Teachers on poll duty may not be able to vote

Teachers acting as election officers sit on ballot boxes as they wait at the treasure’s office in Isabela, north of Manila on October 24, 2010. AFP FILE PHOTO

Public school teachers who will man the elections on Monday may themselves not be able to vote.

A teachers’ group posed this ironic scenario to the Commission on Elections (Comelec) based on the teachers’ experience in the last automated elections in 2010.

“We get a lot of lip service about how we are the most credible sector to man the elections, but in the simple matter of voting we cannot get any special treatment,” complained Emmalyn Policarpio, secretary general of the Teachers’ Dignity Coalition.

The Comelec does not allow the three teachers assigned to every Board of Election Inspectors (BEI) to cast their vote in the precinct count optical scan (PCOS) machine to which they are assigned.

In order to vote, these teachers have to leave their station to go to the election precinct where they are registered, which is not necessarily located within the same polling place where they are assigned.

In the last elections, according to Policarpio, teachers were given only 20 minutes to vote, taking turns since they could not afford to be gone from their station for too long.

“Even if (the polling precinct) is in the same city or town, they still have to take a tricycle at least.

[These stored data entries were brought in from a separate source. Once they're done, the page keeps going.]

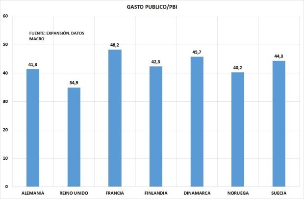 Es más, de los países seleccionados, Francia es el que tiene la mayor relación gasto público/PBI. No se observa una diferencia abismal en cuanto a gasto público, si bien en todos los casos son altos.
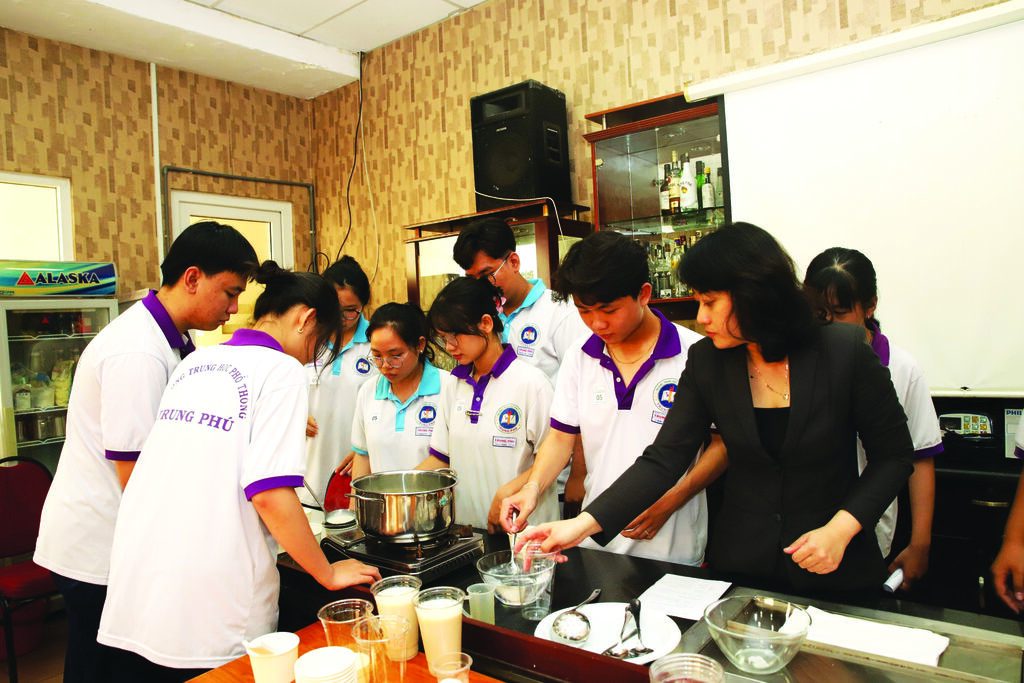 Ces cours visent à améliorer les compétences culinaires, les connaissances nutritionnelles, la garniture et la préparation de plats vietnamiens tels que le “thit heo tâm quê” (porc à la cannelle), le “xôi hat diêu” (riz gluant aux noix de cajou) et des desserts modernes comme le “dâu hu la dua” (tofu aux feuilles de pandan) et le “dâu hu trân châu duong den” (tofu aux perles à la cassonade).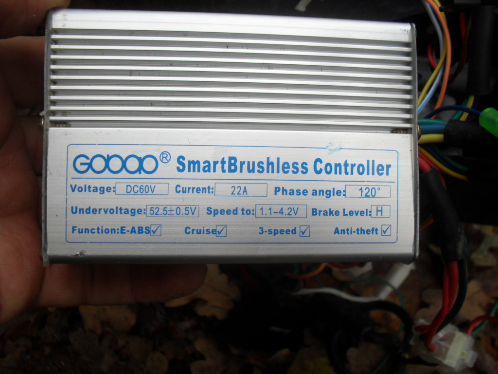 По паспорту 350Вт 60Вольт. Таких багато продано в Україні, але чомусь інформації по них дуже мало. Постало питання заміни акумулятора свинцевого 12Аг на літій-полімер 29Аг 16-17S. Потрібно сконструювати саму батарею і заодно покопатись в нутрощах. Зарядний пристрій до свинця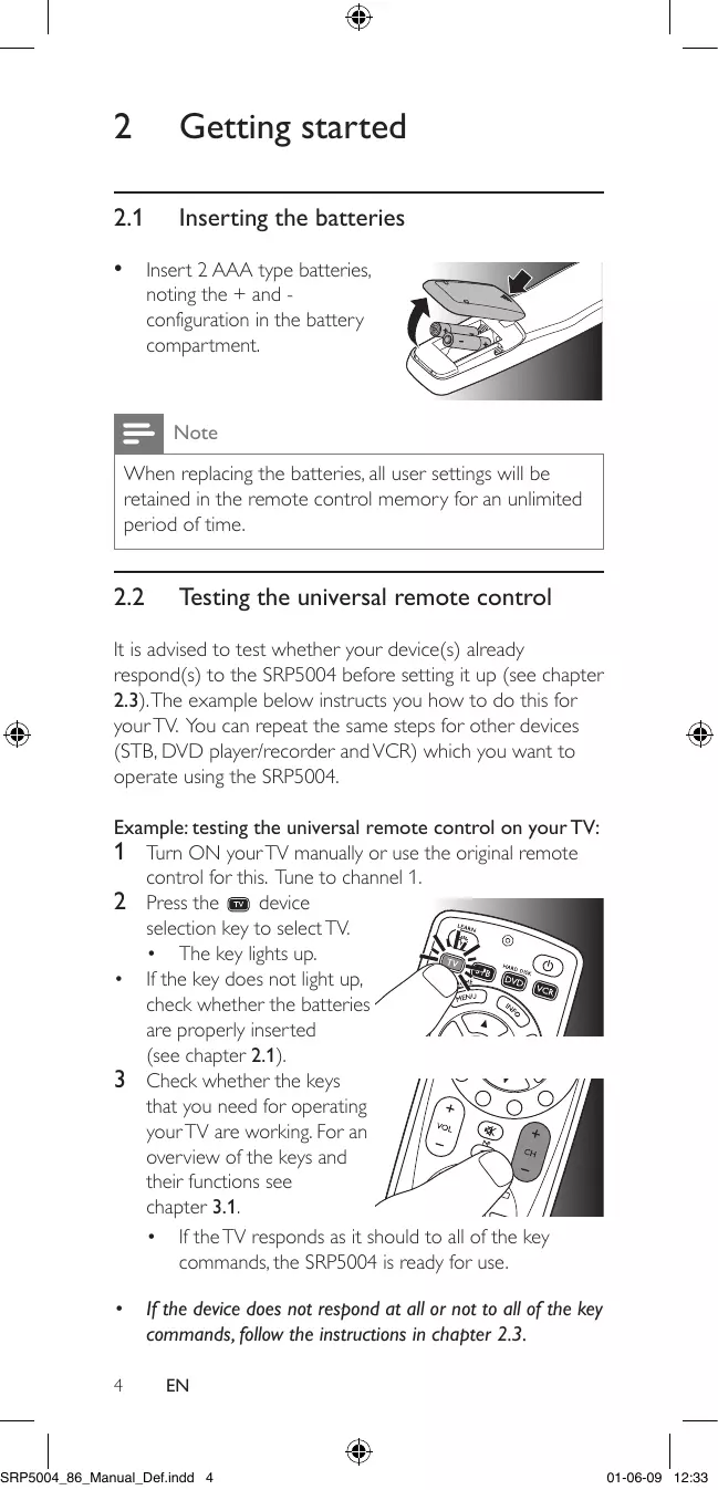 • Check whether you are using the correct keys to switch on Teletext. For TV this is the key; for STB this is the key. Batteries Will my settings be deleted when I replace the batteries? No. All user settings will be retained in the remote control memory during battery replacement. SRP5004_86_Manual_Def.indd 13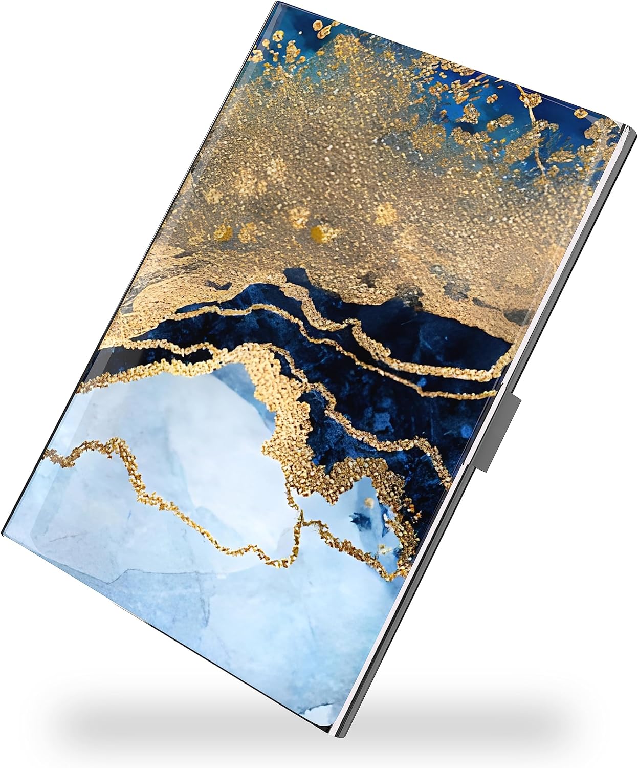 Business Card Metal Slim Organizer, Professional Stainless Steel Square Pocket Wallet for Office Workers, Compact and Portable for Pockets (Gold Black Marble)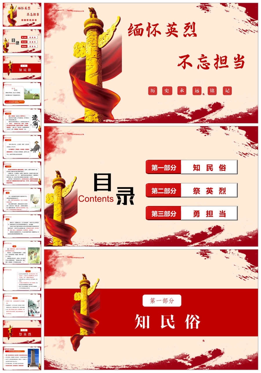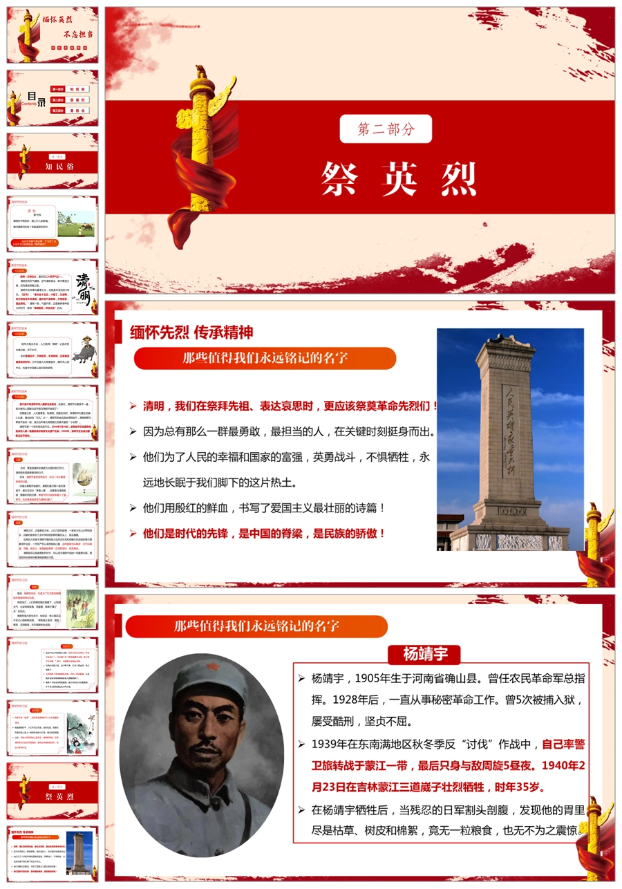 【5760】节日班会 0405清明节《缅怀英烈不忘担当》班会课件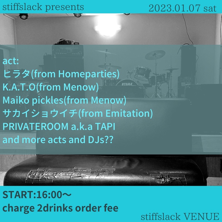 START 16:00〜please 2drinks order(¥600×2)チケット前売・ご予約は店頭またはメールフォームで
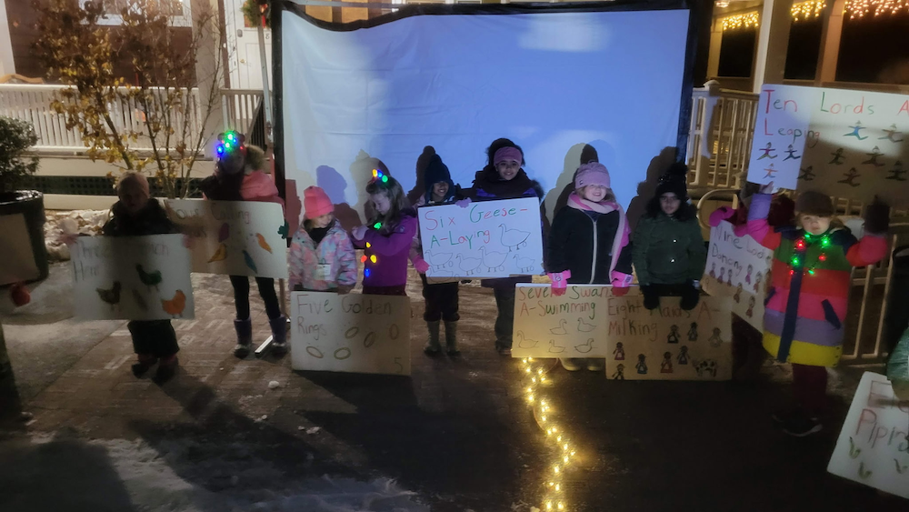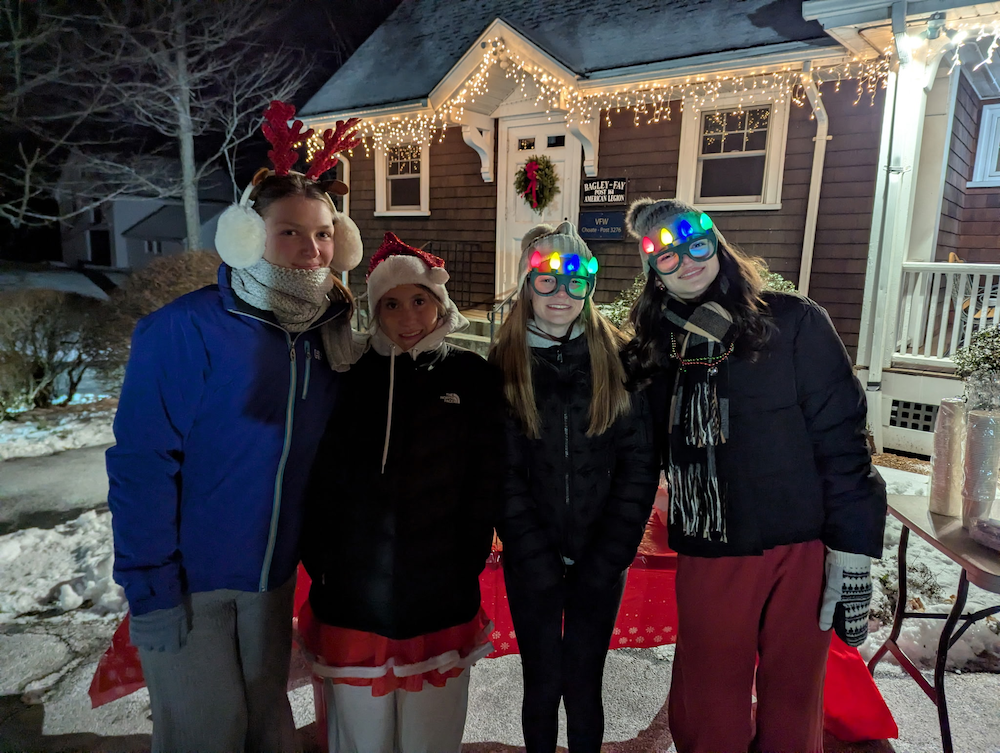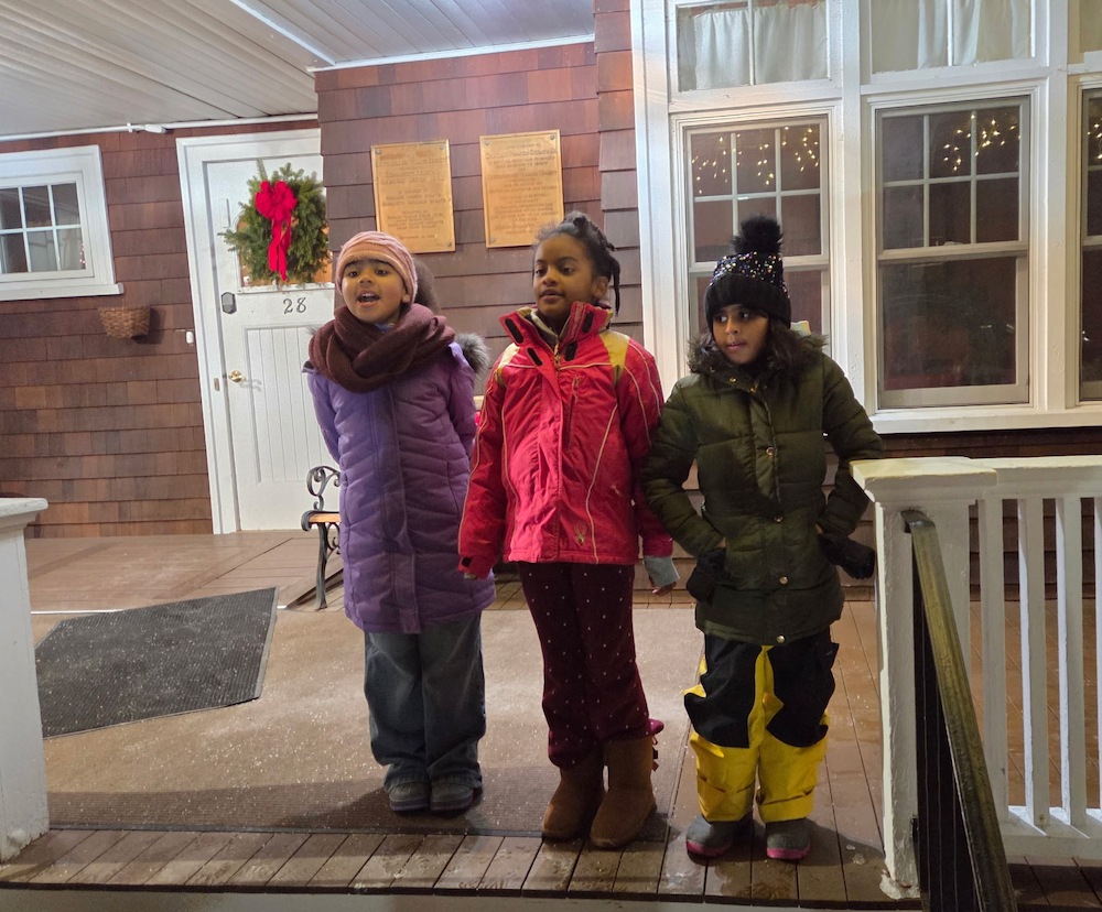 Every year on the Friday of the first weekend of December, the Girl Scouts kick off the community’s winter holiday season. Scouts lead a free Friday night community sing-along on the Community House lawn for families with children. The fun includes Christmas Carols, and other winter and holiday songs, capped off with hot cocoa and treats. (Participants were also encouraged to bring a gift to donate to Project Just Because.) The troop leading the event shared pics:

Then they have to fall in line there. They can’t get back in time; 30 minutes is not enough,” she said.

Before automated elections were introduced in 2010, deputized public school teachers could vote in the polling precinct they were assigned to even if they were not registered there.

For the May 13, 2013 elections, some 240,000 public school teachers will man the precincts during the polling hours from 7 a.m. to 7 p.m.

“It’s ironic that we facilitate the elections but we will be disenfranchised,” Policarpio said.

Advanced voting confusion

She said they were not satisfied with the local absentee voting provided by Comelec last April 28 to 30 for teachers, soldiers and even members of the media who will perform election duties and who may cast their votes early.

Policarpio said the absentee voting was only for national positions and they received reports of confusion in the Comelec offices during the absentee voting period. She said the teachers who went to the Comelec offices could not find their names in the list of registered voters of their precincts.

Policarpio said many teachers in Manila encountered such problems and they do not discount the possibility that other teachers elsewhere had the same dilemma.